REQUIREMENT: The task calls for the lines below from the line with "Circuit 2 Départ/Arrivée" to the line with "- In the communication", both ends included, copied exactly, without any pictures.

DATA SUPPLIED:

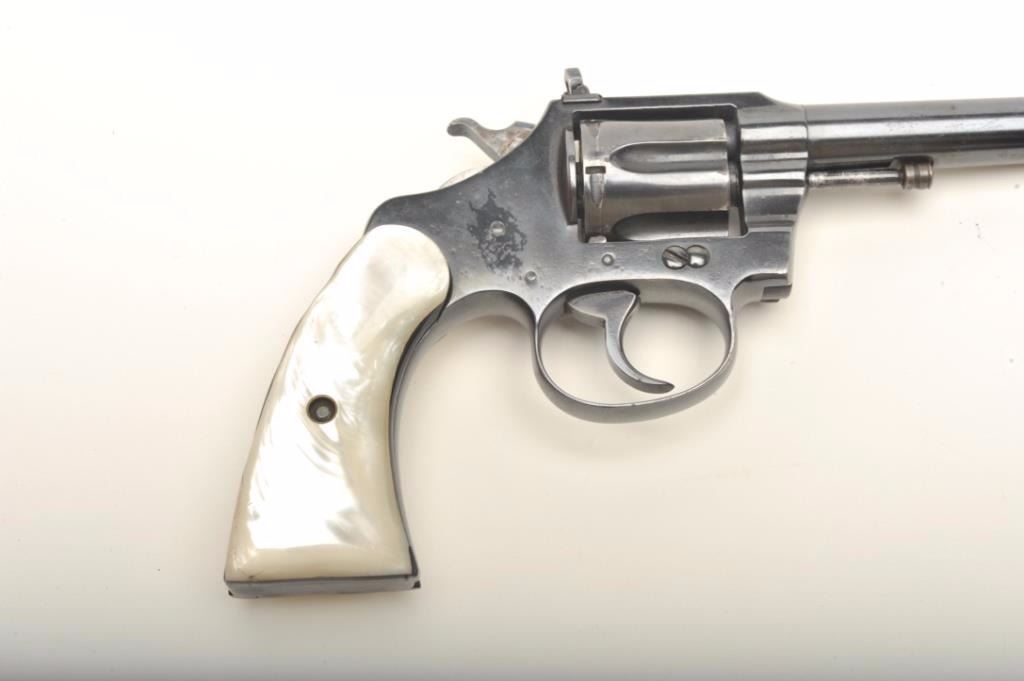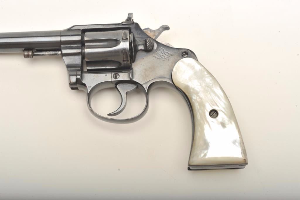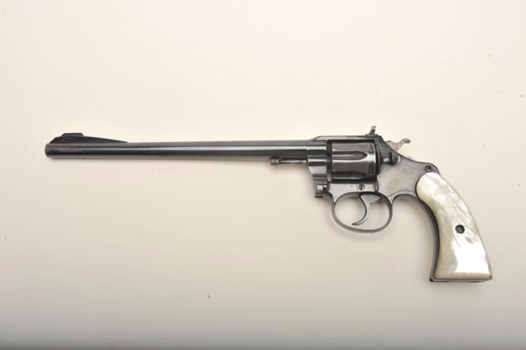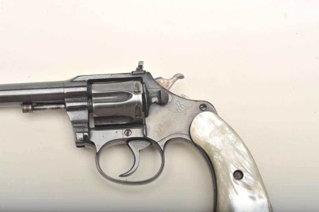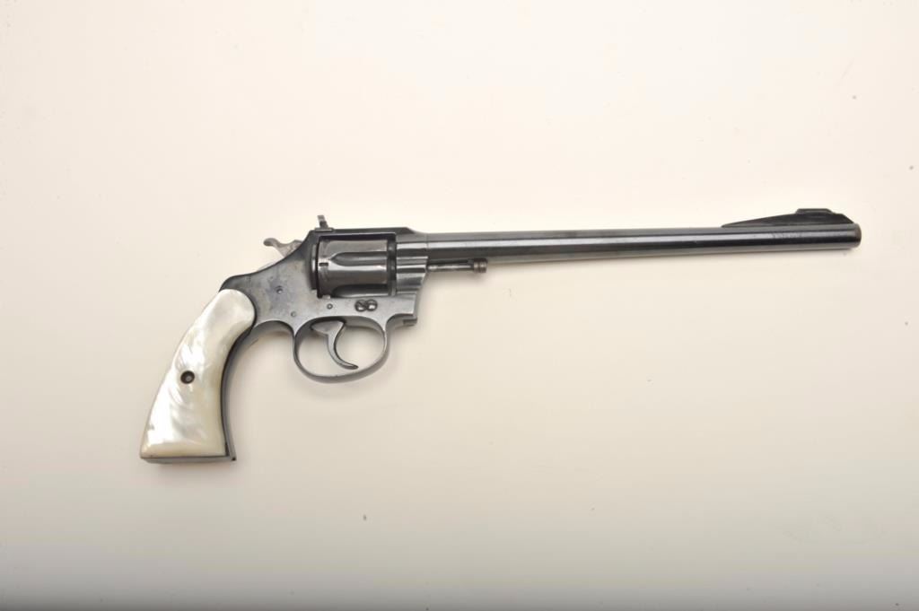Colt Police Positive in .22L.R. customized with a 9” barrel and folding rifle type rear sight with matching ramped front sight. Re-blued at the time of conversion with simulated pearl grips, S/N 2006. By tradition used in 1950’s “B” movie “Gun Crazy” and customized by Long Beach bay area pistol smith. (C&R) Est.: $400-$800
==
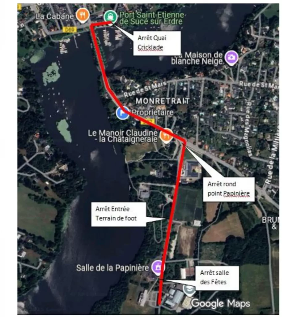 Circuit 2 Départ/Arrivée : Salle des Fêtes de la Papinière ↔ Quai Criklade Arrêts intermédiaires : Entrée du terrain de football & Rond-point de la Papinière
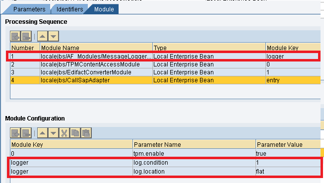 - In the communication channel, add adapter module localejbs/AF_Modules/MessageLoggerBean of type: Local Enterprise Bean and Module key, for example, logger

SOLUTION TO THE PROBLEM:
 Circuit 2 Départ/Arrivée : Salle des Fêtes de la Papinière ↔ Quai Criklade Arrêts intermédiaires : Entrée du terrain de football & Rond-point de la Papinière
 - In the communication channel, add adapter module localejbs/AF_Modules/MessageLoggerBean of type: Local Enterprise Bean and Module key, for example, logger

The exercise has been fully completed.